§ Problem requirements:
Using the records below, quote only the span that opens with the line containing "日々のお茶の時間を心地よくし" and closes with the line containing "Vulkan, котельный завод", exactly and inclusively.

§ Task material:
::::::
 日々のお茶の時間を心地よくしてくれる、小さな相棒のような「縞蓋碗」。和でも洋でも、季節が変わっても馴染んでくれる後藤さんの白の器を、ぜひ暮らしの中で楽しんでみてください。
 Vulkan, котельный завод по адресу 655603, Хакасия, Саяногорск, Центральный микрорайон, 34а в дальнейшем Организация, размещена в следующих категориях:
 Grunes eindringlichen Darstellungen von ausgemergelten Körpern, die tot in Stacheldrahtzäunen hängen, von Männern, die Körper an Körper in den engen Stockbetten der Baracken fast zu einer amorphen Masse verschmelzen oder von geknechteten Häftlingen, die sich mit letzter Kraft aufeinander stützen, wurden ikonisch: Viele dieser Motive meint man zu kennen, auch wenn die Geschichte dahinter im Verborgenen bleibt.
::::::
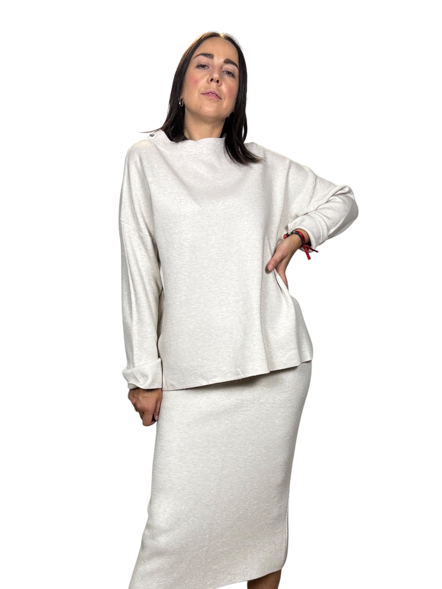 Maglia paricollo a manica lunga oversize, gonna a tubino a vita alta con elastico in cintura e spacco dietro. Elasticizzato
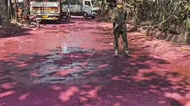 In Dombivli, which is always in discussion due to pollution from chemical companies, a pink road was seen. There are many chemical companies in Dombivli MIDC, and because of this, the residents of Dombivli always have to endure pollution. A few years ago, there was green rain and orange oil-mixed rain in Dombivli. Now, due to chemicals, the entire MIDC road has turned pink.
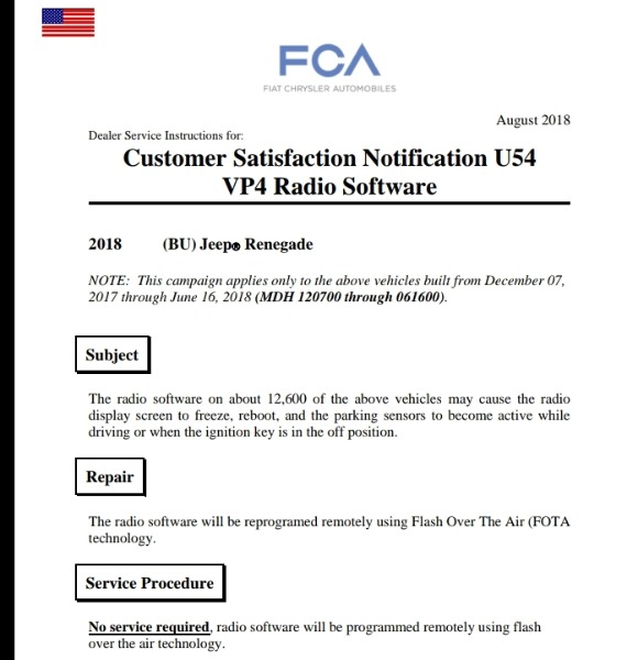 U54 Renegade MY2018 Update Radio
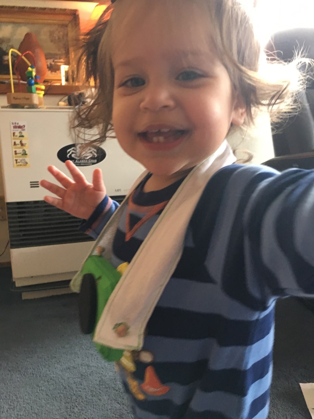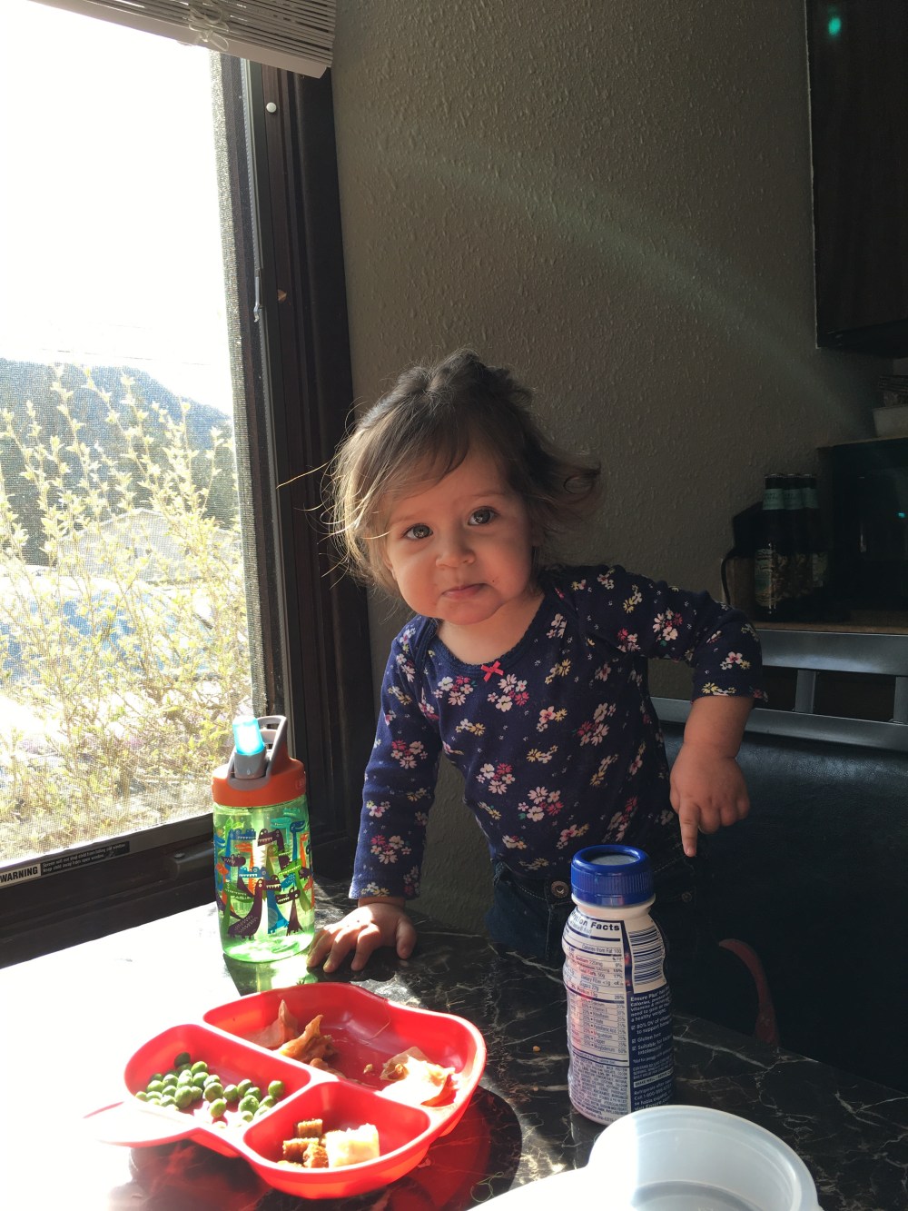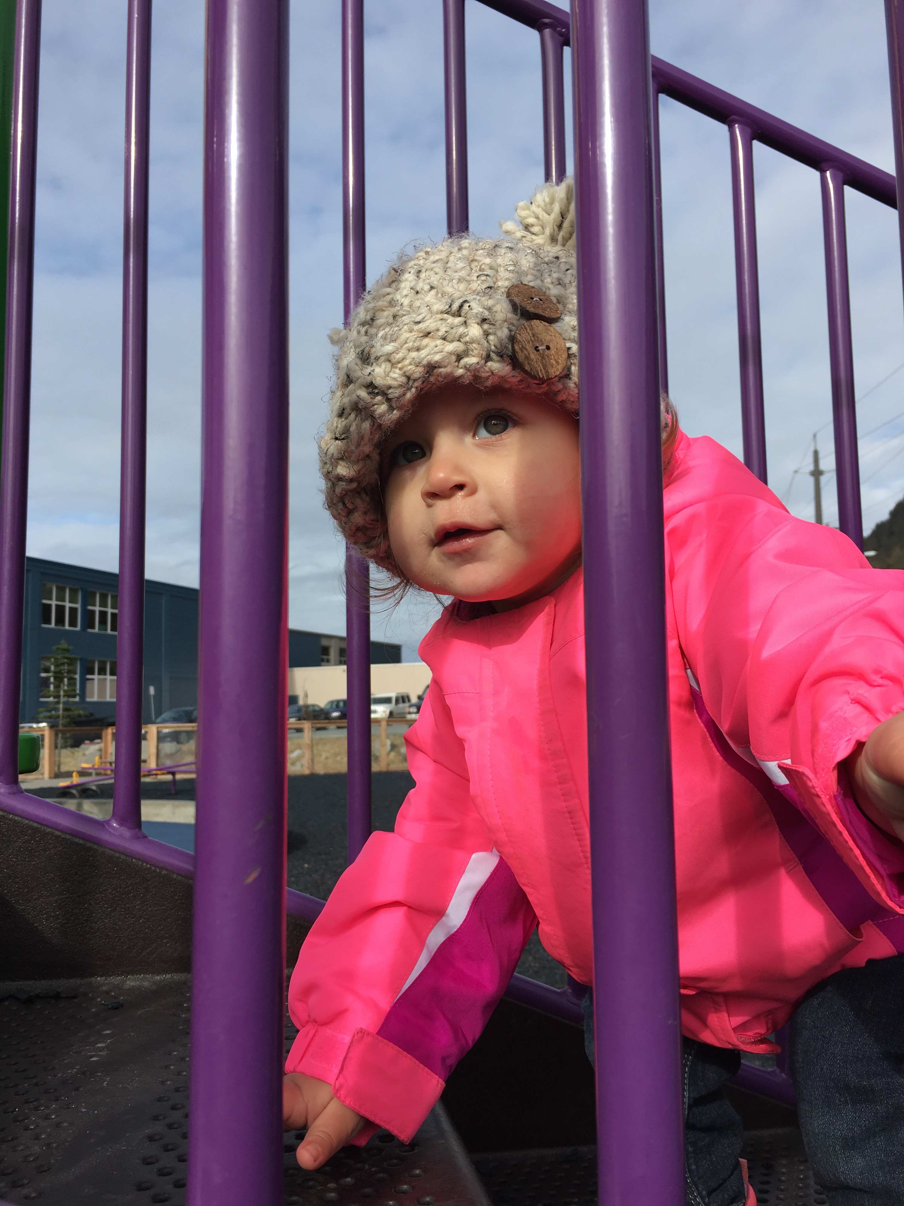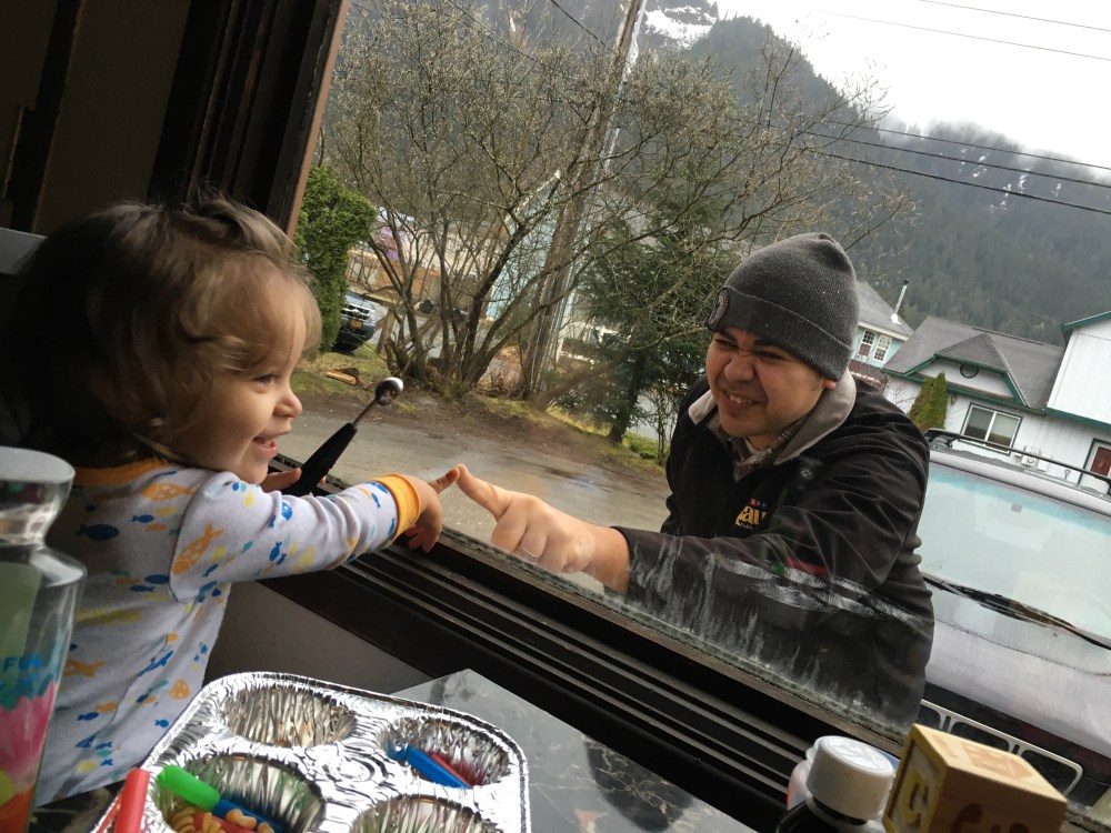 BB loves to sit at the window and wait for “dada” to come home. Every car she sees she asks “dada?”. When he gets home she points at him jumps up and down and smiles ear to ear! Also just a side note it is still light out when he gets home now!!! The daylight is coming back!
::::::
§ Answer for this exercise:
 日々のお茶の時間を心地よくしてくれる、小さな相棒のような「縞蓋碗」。和でも洋でも、季節が変わっても馴染んでくれる後藤さんの白の器を、ぜひ暮らしの中で楽しんでみてください。
 Vulkan, котельный завод по адресу 655603, Хакасия, Саяногорск, Центральный микрорайон, 34а в дальнейшем Организация, размещена в следующих категориях:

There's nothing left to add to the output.